Solo raised his head cautiously. The gun on the ridge chattered again. A slug tore through his jacket sleeve and pain seared his right arm. He flattened hurriedly.

Viggo shouted, “He’s got a Tommy gun up there.”

“So I noticed,” Solo said. “How’s your cover?”

“Not too bad. If we kick up a fuss, can you make it over here?”

He had little option. If he stayed where he was, he would either freeze to death or, sooner or later, collect a bullet in the skull. But a quick dash might get him safely to the hollow where Illya and Viggo were sheltering. He called, “Okay! Start kicking!”

The Luger and Mauser opened up together. Solo got to his feet and scrambled toward the sound. Despite the cold, he was sweating by the time he reached the hollow and dropped down beside Illya. The inside of his sleeve was sticky with blood. He said, “What a lovely way to spend an evening.”

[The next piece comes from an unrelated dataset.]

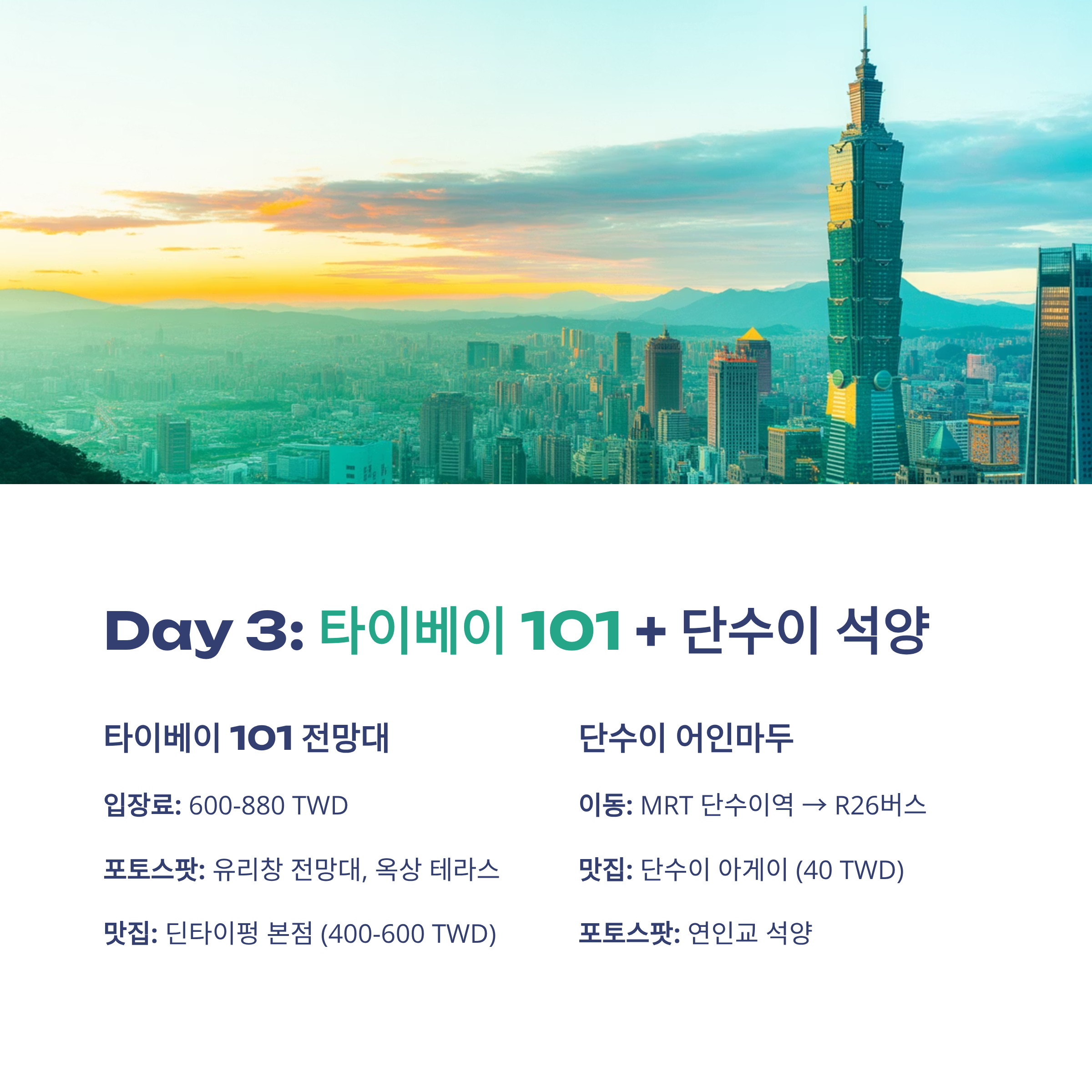 용캉제 타이베이 로컬 감성 거리 망고빙수, 우육면 300~400 TWD 시먼딩 타이베이 쇼핑, 야시장 면선, 지파이 300~400 TWD 지우펀 신베이 감성 홍등 거리 찻집, 타로볼 500~600 TWD 핑시 신베이 천등 날리기 기차역 주변 간식 200~300 TWD 베이터우 타이베이 도심 온천 딤섬, 족욕탕 400~500 TWD 타이베이101 타이베이 고층 전망대 딘타이펑 800~1,000 TWD 단수이 신베이 바닷가 석양 아게이, 어묵탕 300~400 TWD
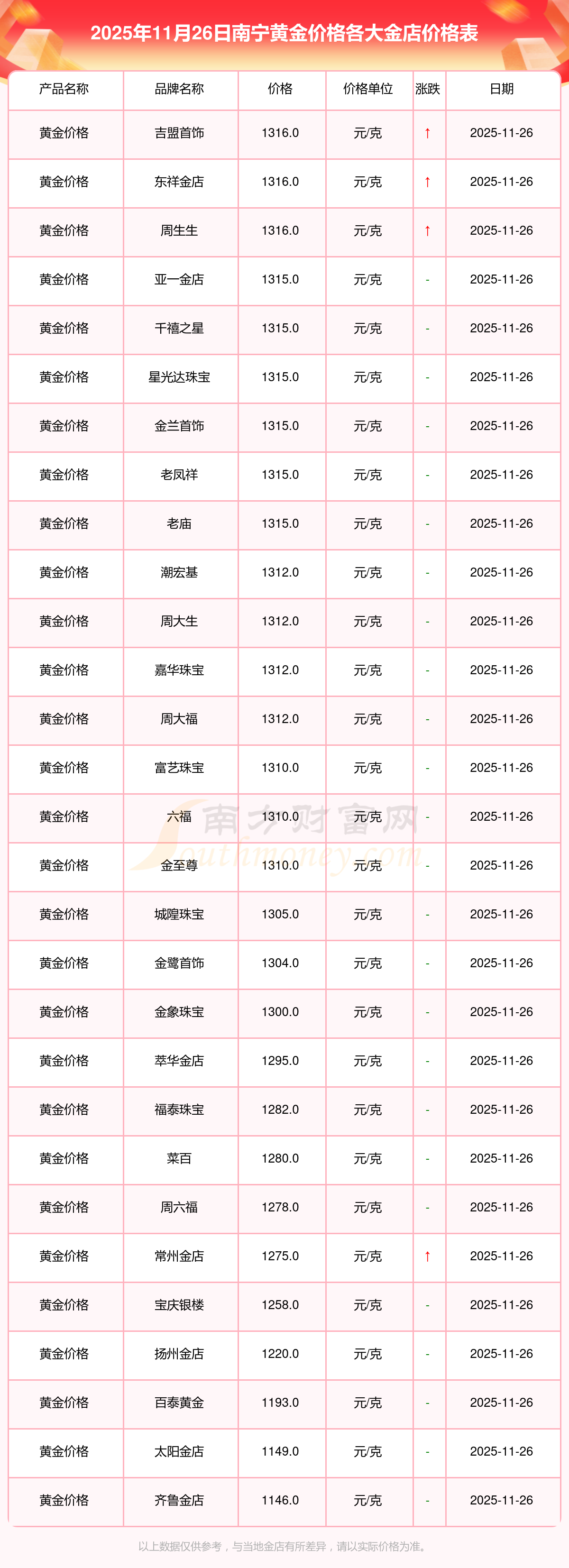 今天是2025年11月26日,南寧周生生、潮宏基、潮宏基、周大生、周大生、亞一金店、亞一金店、寶慶銀樓、寶慶銀樓、太陽金店、太陽金店等各大金店品牌黃金價(jià)格最新價(jià)格行情是這樣的:周生生1155.0元/克、潮宏基1312.0元/克、潮宏基624.0元/克、周大生1312.0元/克、周大生624.0元/克、亞一金店1315.0元/克、亞一金店600.0元/克、寶慶銀樓1258.0元/克、寶慶銀樓368.0元/克、太陽金店1149.0元/克、太陽金店489.0元/克。

“Well, we can’t stay here all night,” Illya said. “The neighbors would talk. I think it’s time we tried a little bluff.”

He made a trumpet of his hands and called, “Garbridge! Give up! You don’t have a chance.”

High above them a thin, stabbing tongue of red flame cut the darkness. Slugs whined and ricocheted unpleasantly. There was no other answer.

“This,” Illya observed, “would appear to be what is meant by stalemate. We can’t go up, and he can’t come down. The question is which of us is going to freeze first.”

“He must run out of ammunition soon,” Solo said.

“You want to bet?”

“Wait! Something’s moving up there.” Viggo was staring intently out over the snow, his countryman’s eyes better attuned to the darkness than those of his companions. He raised his pistol, aimed deliberately, and fired twice.

This time there was no answering burst.

Viggo said contentedly, “I got him.”

They waited, then after a few minutes left the hollow and began to climb. In awhile they could see ahead a black, still figure sprawled spread-eagled in the snow.

“That,” said Illya, “seems to wrap everything up. What now?”

“We’d better go on and bring him in,” Solo said. “He may only be wounded.”

Viggo said, “Not a chance. When they fall like that, they’re dead. Leave him. He’ll be there in the morning. Meanwhile, my friend, the sooner we attend to your own wound, the better.”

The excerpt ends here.